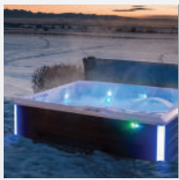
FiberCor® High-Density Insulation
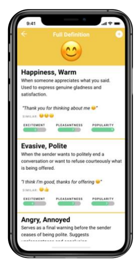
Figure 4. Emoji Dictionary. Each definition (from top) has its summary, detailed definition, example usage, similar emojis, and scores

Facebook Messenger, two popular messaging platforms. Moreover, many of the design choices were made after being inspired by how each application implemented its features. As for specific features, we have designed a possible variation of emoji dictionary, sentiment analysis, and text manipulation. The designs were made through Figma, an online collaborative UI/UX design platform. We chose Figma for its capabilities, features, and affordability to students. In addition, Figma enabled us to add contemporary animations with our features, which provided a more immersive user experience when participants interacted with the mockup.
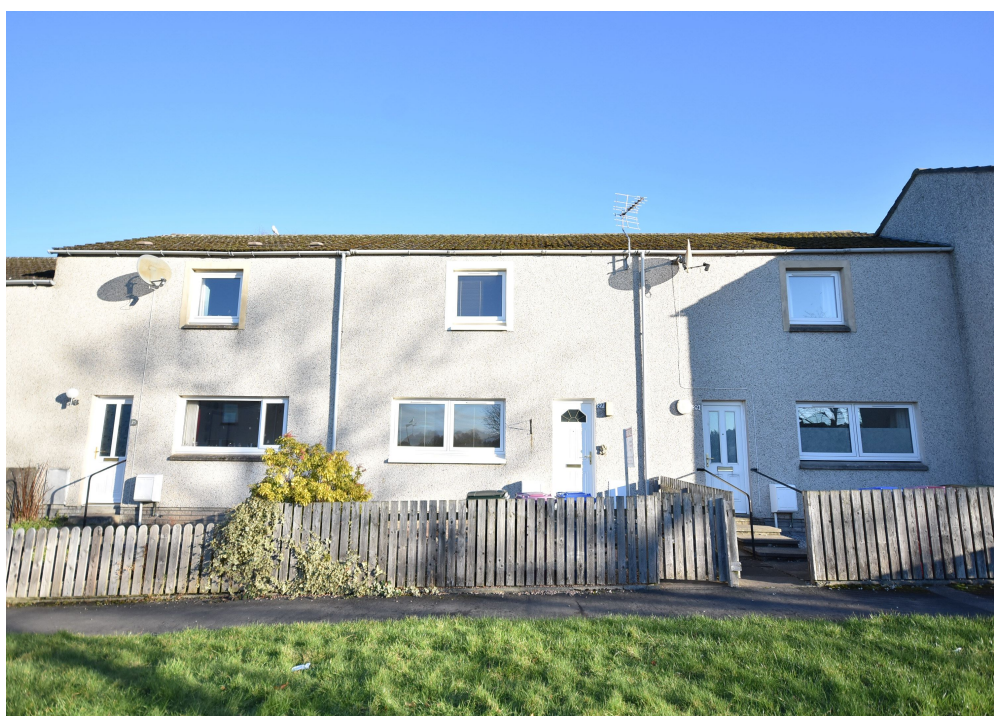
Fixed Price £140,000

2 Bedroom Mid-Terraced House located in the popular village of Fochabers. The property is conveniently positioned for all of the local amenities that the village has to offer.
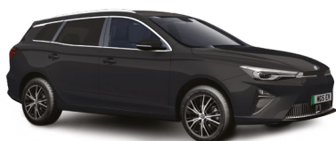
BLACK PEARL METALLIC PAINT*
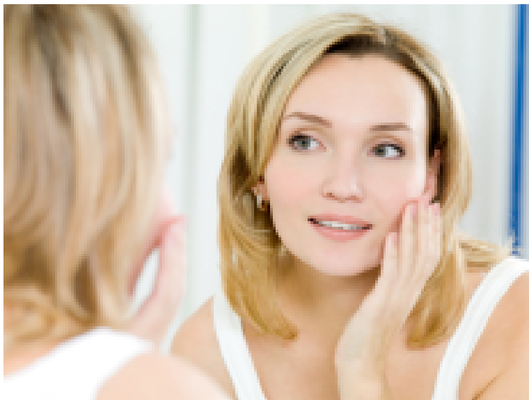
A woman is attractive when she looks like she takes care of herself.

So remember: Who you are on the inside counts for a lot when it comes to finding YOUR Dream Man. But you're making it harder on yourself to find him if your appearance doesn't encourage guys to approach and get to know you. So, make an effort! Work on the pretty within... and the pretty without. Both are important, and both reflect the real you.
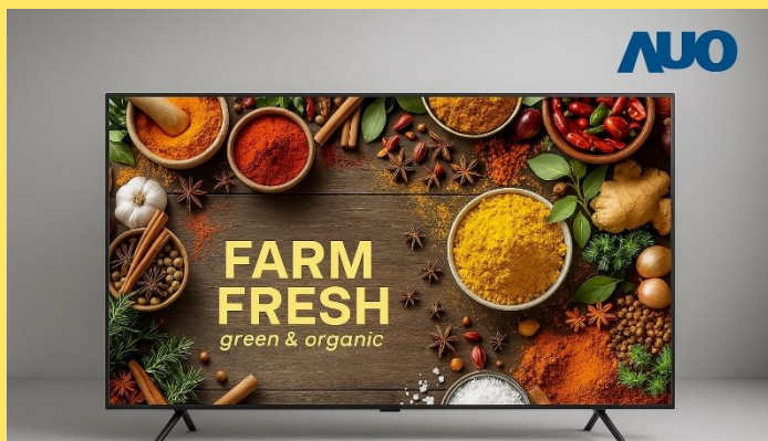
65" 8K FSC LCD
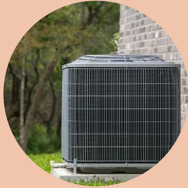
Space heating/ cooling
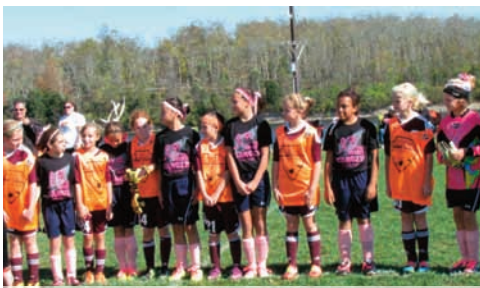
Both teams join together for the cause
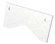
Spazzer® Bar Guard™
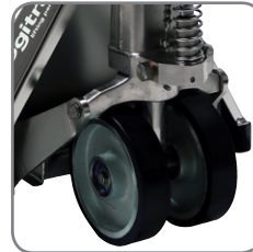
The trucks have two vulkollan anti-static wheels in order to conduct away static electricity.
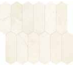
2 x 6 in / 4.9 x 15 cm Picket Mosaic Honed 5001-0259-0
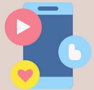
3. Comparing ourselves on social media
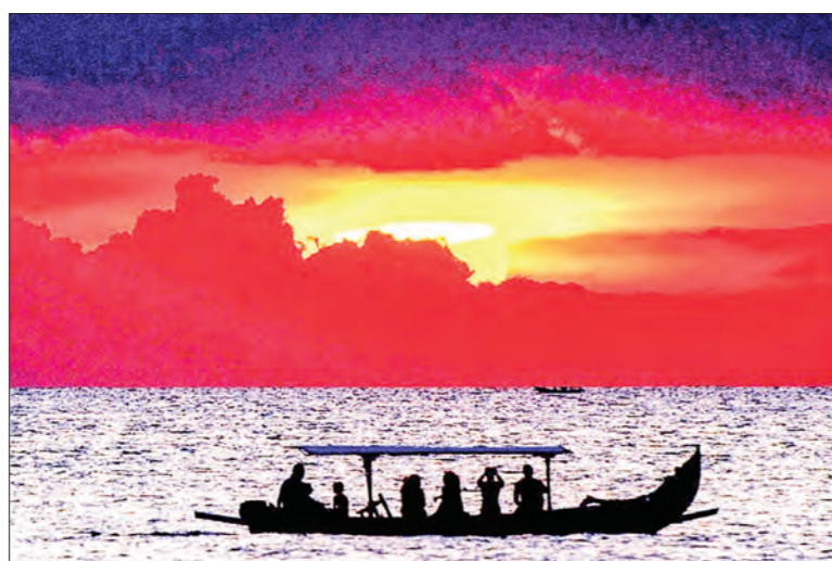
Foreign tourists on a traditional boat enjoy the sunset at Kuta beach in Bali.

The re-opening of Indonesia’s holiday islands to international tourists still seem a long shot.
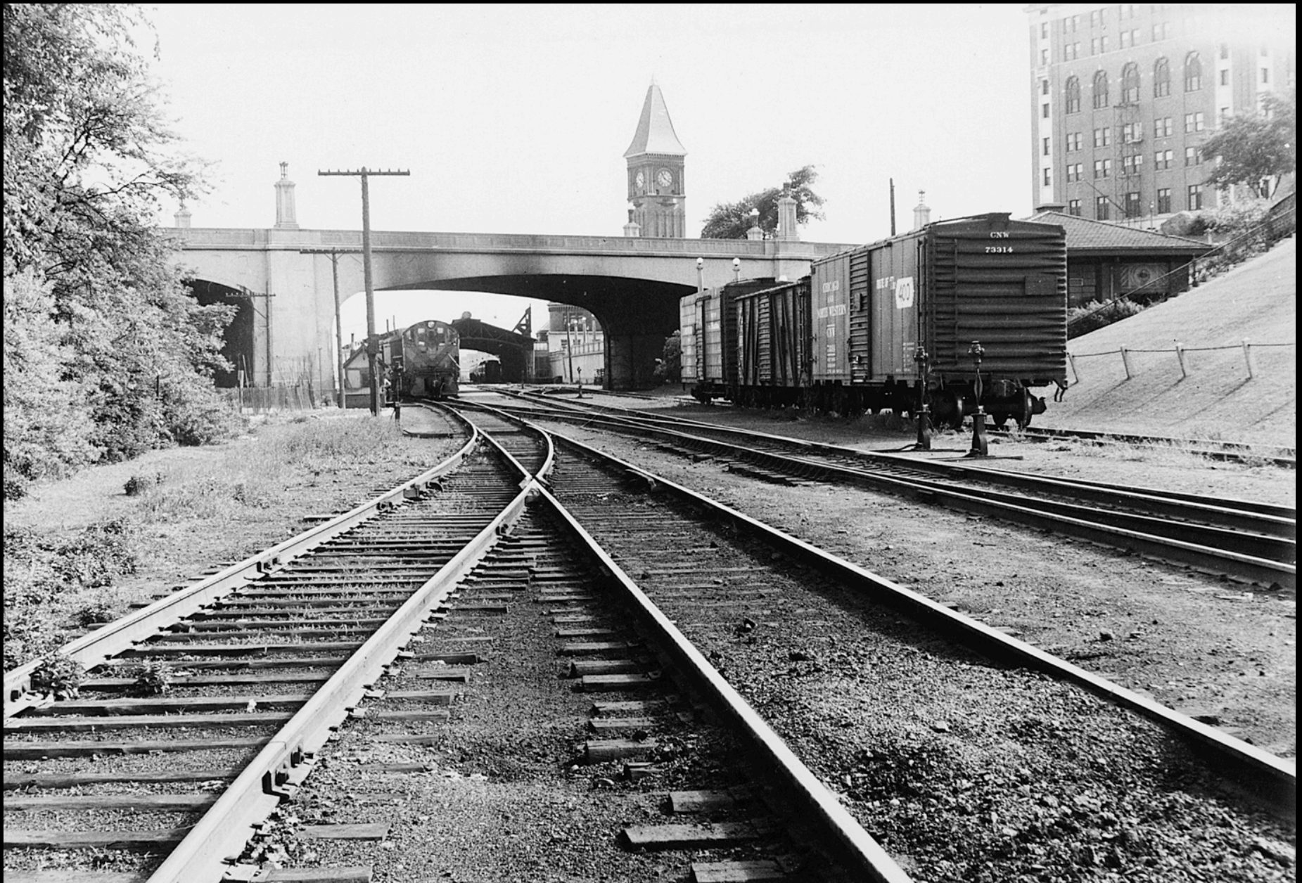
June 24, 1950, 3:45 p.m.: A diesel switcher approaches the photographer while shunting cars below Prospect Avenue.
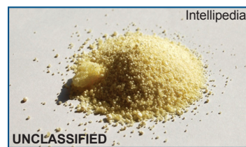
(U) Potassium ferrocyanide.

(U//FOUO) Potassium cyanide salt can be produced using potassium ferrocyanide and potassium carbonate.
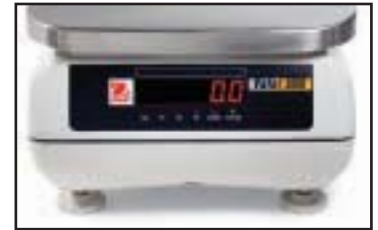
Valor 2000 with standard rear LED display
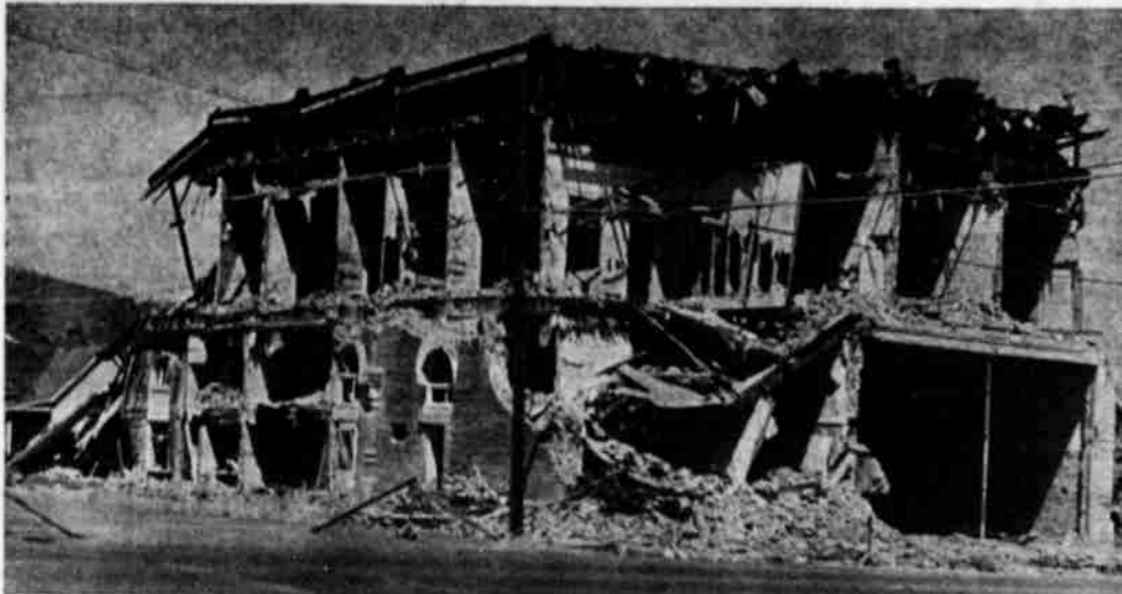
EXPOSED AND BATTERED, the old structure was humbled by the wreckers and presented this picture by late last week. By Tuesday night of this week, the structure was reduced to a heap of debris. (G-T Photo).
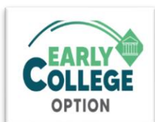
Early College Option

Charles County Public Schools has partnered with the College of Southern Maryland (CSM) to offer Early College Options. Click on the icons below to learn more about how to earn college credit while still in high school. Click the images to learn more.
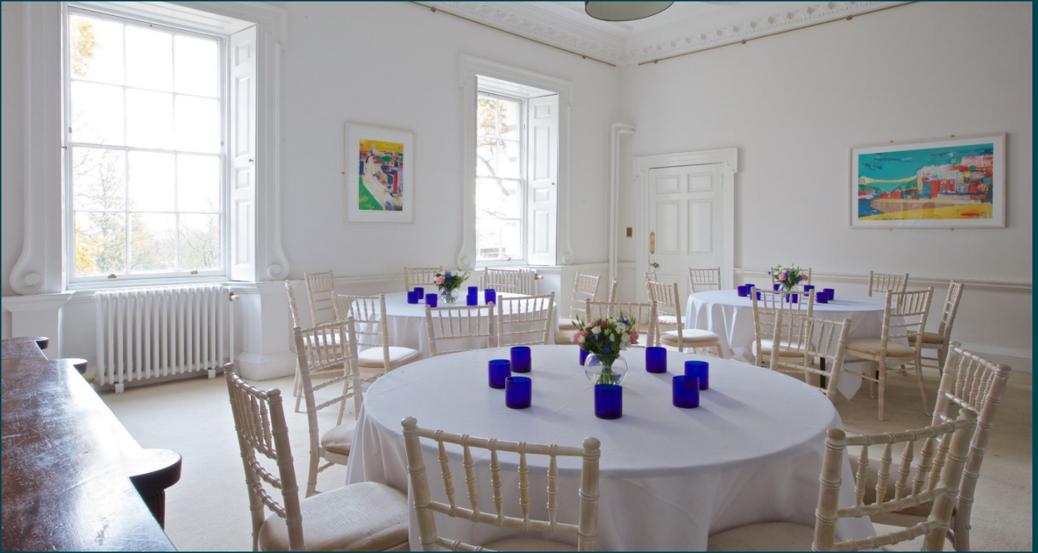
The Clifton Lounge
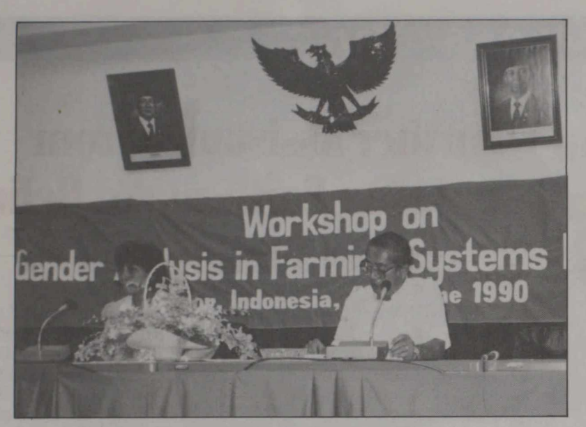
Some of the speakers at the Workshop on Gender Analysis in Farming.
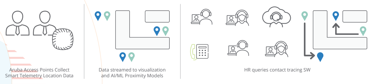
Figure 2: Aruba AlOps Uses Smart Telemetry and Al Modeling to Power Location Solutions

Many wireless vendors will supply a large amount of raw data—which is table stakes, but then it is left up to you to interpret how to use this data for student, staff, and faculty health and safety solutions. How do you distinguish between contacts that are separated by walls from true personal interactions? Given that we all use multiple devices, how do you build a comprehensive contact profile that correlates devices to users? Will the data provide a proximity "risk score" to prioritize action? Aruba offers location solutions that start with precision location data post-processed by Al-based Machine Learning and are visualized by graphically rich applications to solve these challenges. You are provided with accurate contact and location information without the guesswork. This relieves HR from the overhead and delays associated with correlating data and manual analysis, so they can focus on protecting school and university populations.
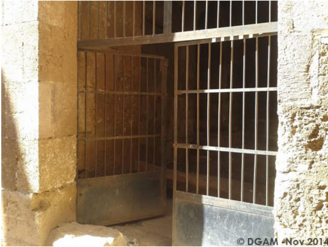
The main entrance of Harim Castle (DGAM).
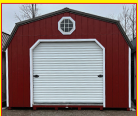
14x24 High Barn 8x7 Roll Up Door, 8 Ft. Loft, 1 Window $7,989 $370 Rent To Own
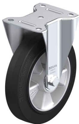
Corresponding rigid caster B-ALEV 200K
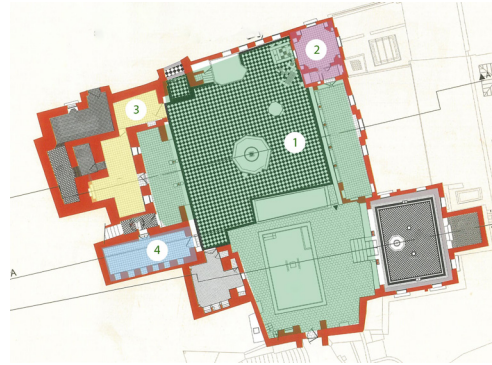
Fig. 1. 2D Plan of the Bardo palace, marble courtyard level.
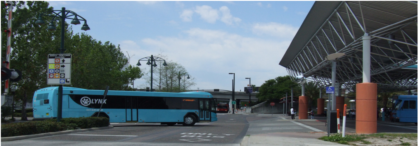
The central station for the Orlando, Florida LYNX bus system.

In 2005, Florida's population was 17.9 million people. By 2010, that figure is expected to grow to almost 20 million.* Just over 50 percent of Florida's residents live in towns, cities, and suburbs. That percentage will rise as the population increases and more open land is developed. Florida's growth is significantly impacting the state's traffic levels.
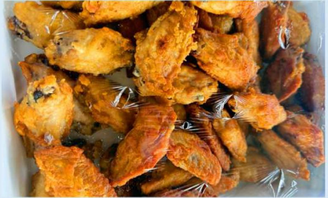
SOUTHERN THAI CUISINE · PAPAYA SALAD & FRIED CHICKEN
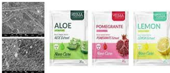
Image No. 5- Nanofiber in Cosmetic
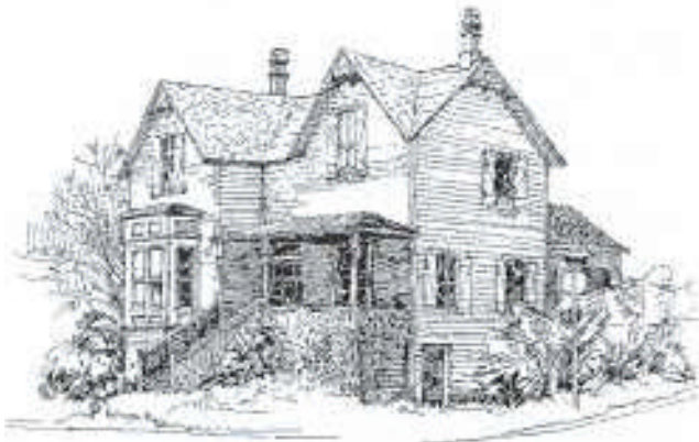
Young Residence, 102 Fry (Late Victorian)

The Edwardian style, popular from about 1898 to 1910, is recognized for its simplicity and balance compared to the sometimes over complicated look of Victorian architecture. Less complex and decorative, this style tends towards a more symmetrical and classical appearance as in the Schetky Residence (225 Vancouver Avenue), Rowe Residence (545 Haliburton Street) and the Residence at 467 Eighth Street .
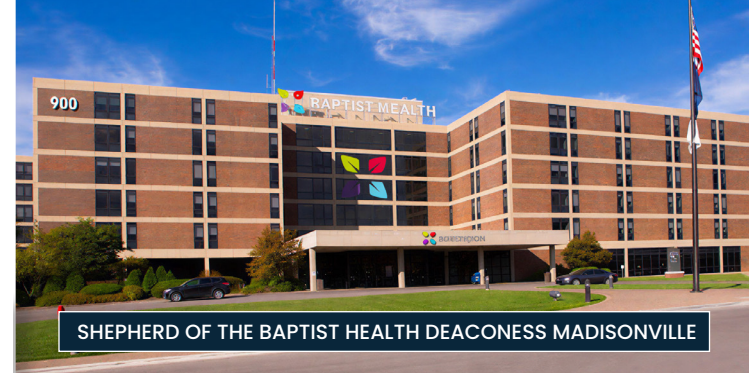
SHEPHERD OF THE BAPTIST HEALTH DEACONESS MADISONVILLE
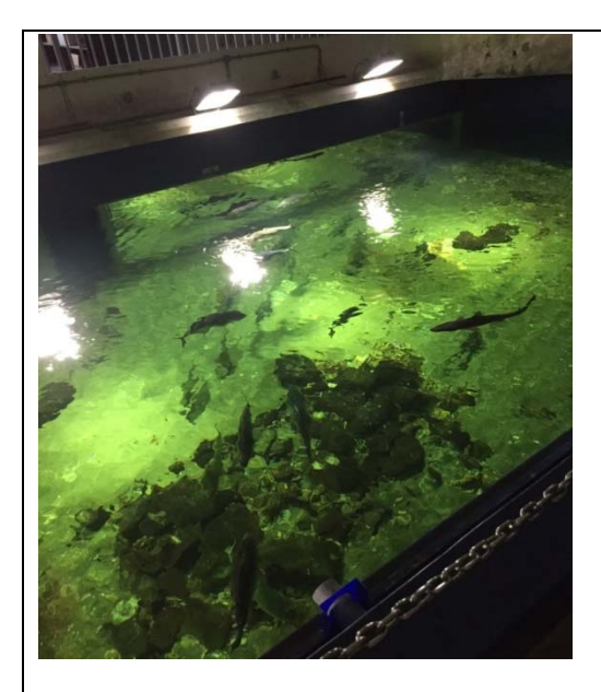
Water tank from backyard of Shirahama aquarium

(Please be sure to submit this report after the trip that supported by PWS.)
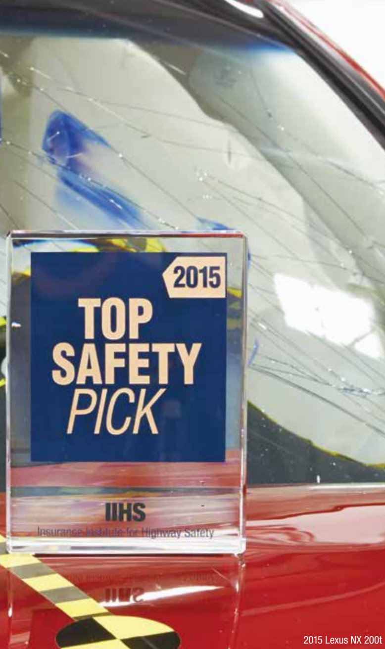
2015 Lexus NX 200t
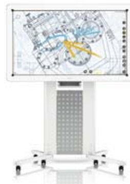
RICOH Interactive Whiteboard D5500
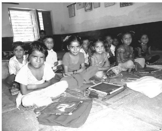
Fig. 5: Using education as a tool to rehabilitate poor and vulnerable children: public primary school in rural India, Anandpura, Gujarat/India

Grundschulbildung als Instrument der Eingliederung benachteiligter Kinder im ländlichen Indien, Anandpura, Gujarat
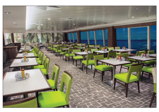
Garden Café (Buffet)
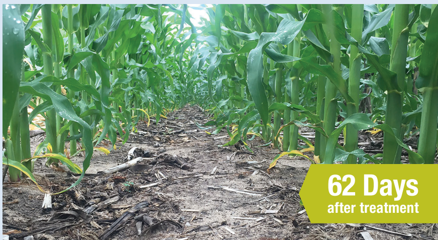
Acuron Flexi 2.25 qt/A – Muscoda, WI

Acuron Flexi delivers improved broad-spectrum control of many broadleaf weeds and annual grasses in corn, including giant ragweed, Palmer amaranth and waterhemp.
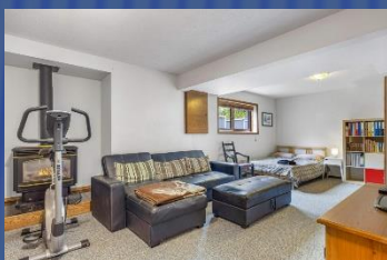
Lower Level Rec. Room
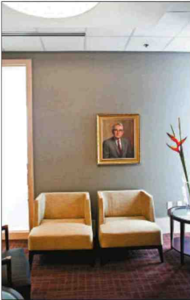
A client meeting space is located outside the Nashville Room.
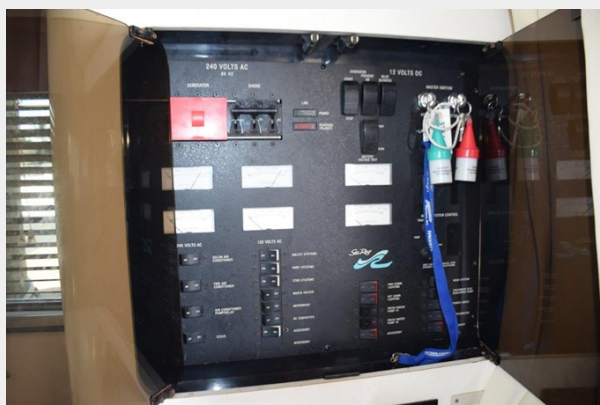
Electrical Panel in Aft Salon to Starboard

# # # #

→ **How to complete this task**:
The answer must consist of each line from the entries that contains the string "Early".

→ **Solution for this exercise**:
Early College Option
Charles County Public Schools has partnered with the College of Southern Maryland (CSM) to offer Early College Options. Click on the icons below to learn more about how to earn college credit while still in high school. Click the images to learn more.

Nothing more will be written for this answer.